RepMatch: Quantifying Cross-Instance Similarities in Representation Space
Mohammad Reza Modarres, Sina Abbasi, Mohammad Taher Pilehvar
TL;DR
RepMatch introduces a cross-subset similarity measure by comparing representation spaces learned by models trained on different data subsets. It relies on LoRA to constrain updates to low-rank adaptation matrices and uses Grassmann similarity to quantify subspace alignment across layers, enabling dataset-to-dataset and instance-to-dataset analyses.
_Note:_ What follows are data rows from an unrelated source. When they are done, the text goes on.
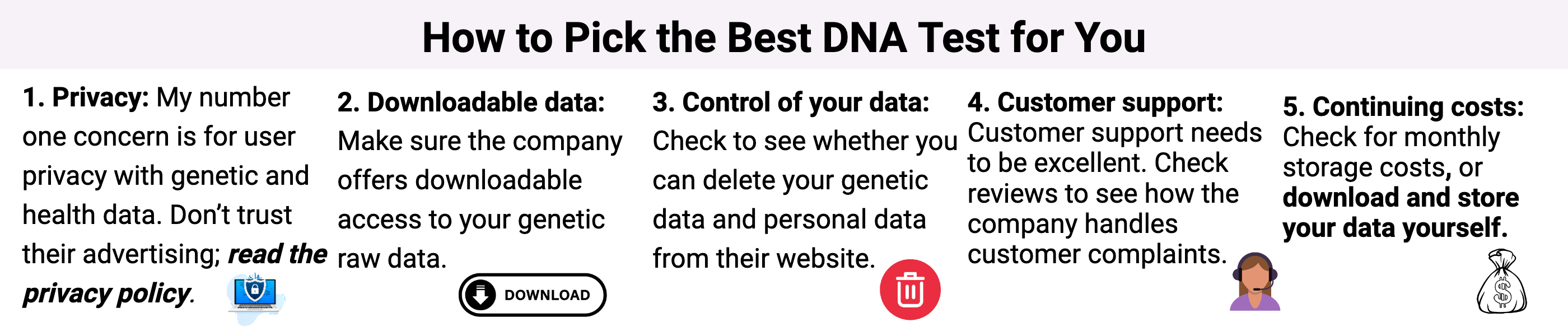 - Privacy: Don’t trust their advertising; read the privacy policy—especially the section on genetic data.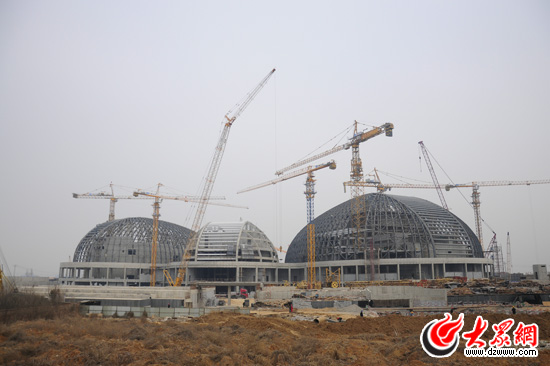 據了解,省會文化藝術中心工程位于濟南西客站片區核心區內,東起臘山河東路,西至臘山河西路,南起站前路,北至濟西東路,距京滬高鐵濟南西客站主站房約1.3公里,項目占地面積480畝,總建筑面積62.5萬平方米,總投資約56.5億元。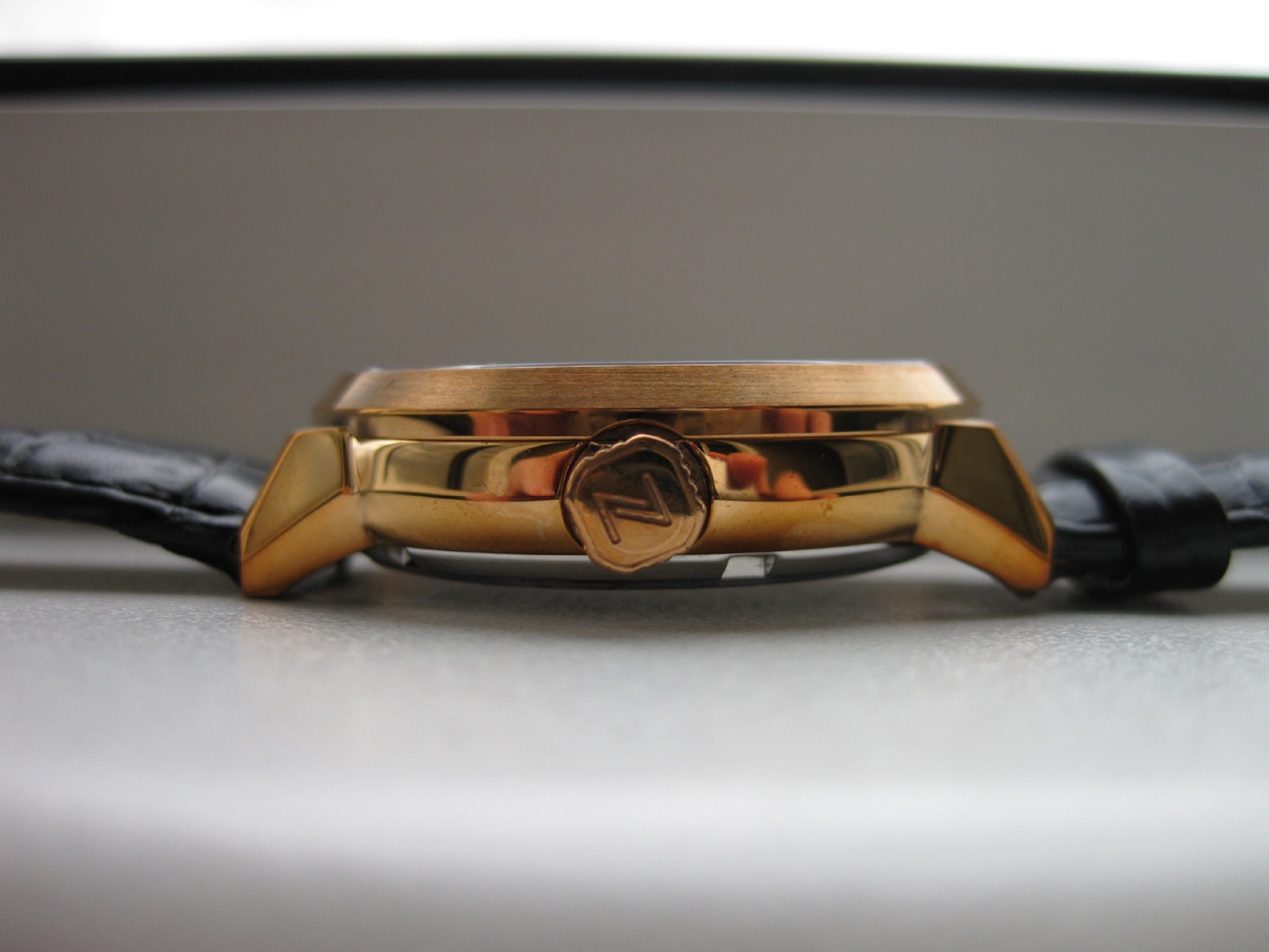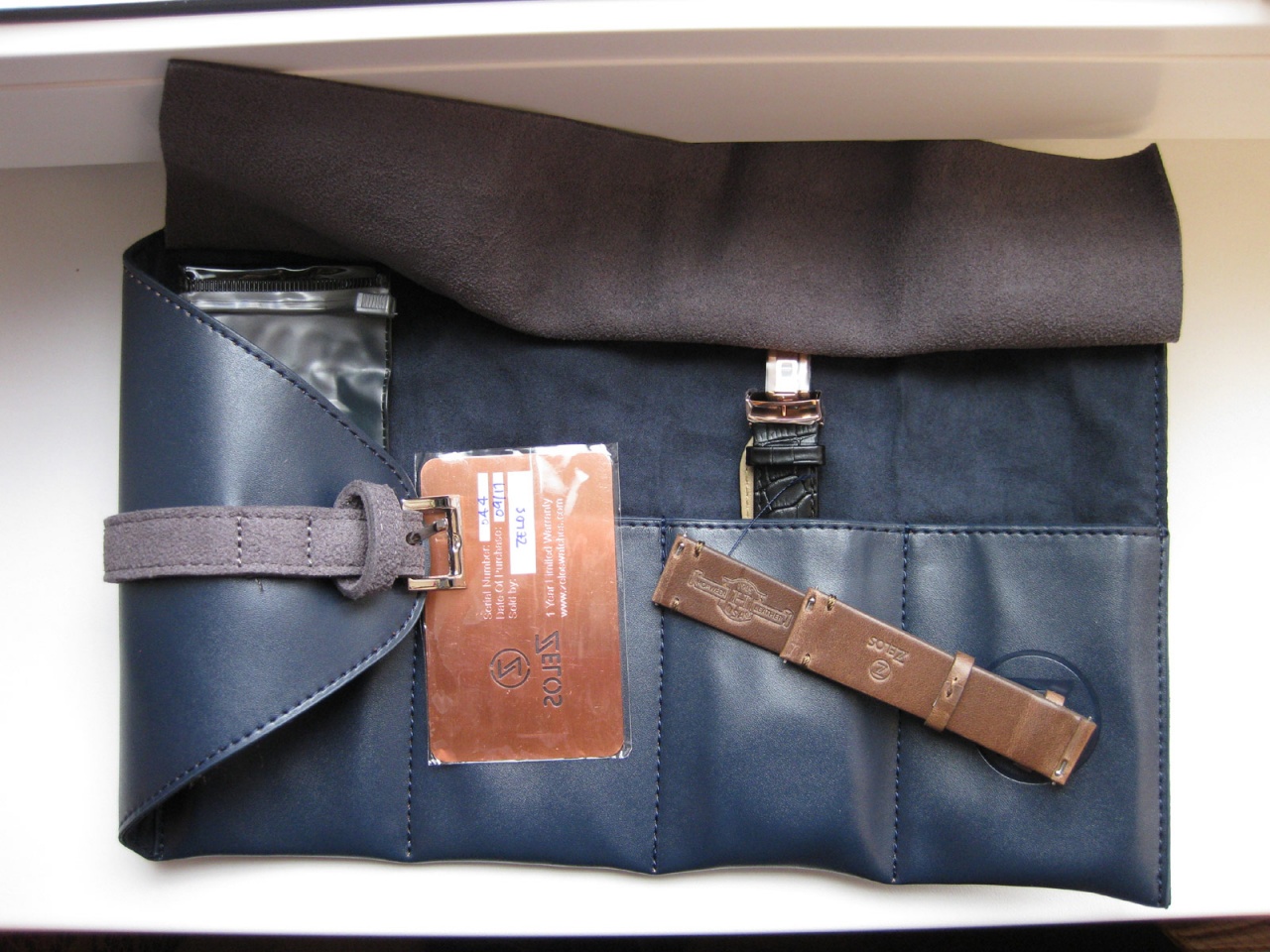 Часы поставляются на черном ремешке с крокодиловым принтом. Дополнительно в комплекте идет коричневый состаренный ремешок фирмы Horween с системой быстрой замены ( Quick release).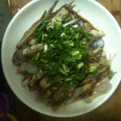 1. Boil the fresh razor clams in boiling water for half an hour and remove., place on a plate, pour in the prepared sauce, and sprinkle with chopped green onion

The approach demonstrates that RepMatch captures task-related dataset similarities, identifies representative subsets that outperform random ones, and uncovers heuristics in dataset construction such as HANS. Across NLP tasks and models, RepMatch remains robust to training randomness and scalable to cross-dataset comparisons, offering a practical tool for data-centric analysis and dataset discovery.
Abstract
Advances in dataset analysis techniques have enabled more sophisticated approaches to analyzing and characterizing training data instances, often categorizing data based on attributes such as ``difficulty''. In this work, we introduce RepMatch, a novel method that characterizes data through the lens of similarity. RepMatch quantifies the similarity between subsets of training instances by comparing the knowledge encoded in models trained on them, overcoming the limitations of existing analysis methods that focus solely on individual instances and are restricted to within-dataset analysis. Our framework allows for a broader evaluation, enabling similarity comparisons across arbitrary subsets of instances, supporting both dataset-to-dataset and instance-to-dataset analyses. We validate the effectiveness of RepMatch across multiple NLP tasks, datasets, and models. Through extensive experimentation, we demonstrate that RepMatch can effectively compare datasets, identify more representative subsets of a dataset (that lead to better performance than randomly selected subsets of equivalent size), and uncover heuristics underlying the construction of some challenge datasets.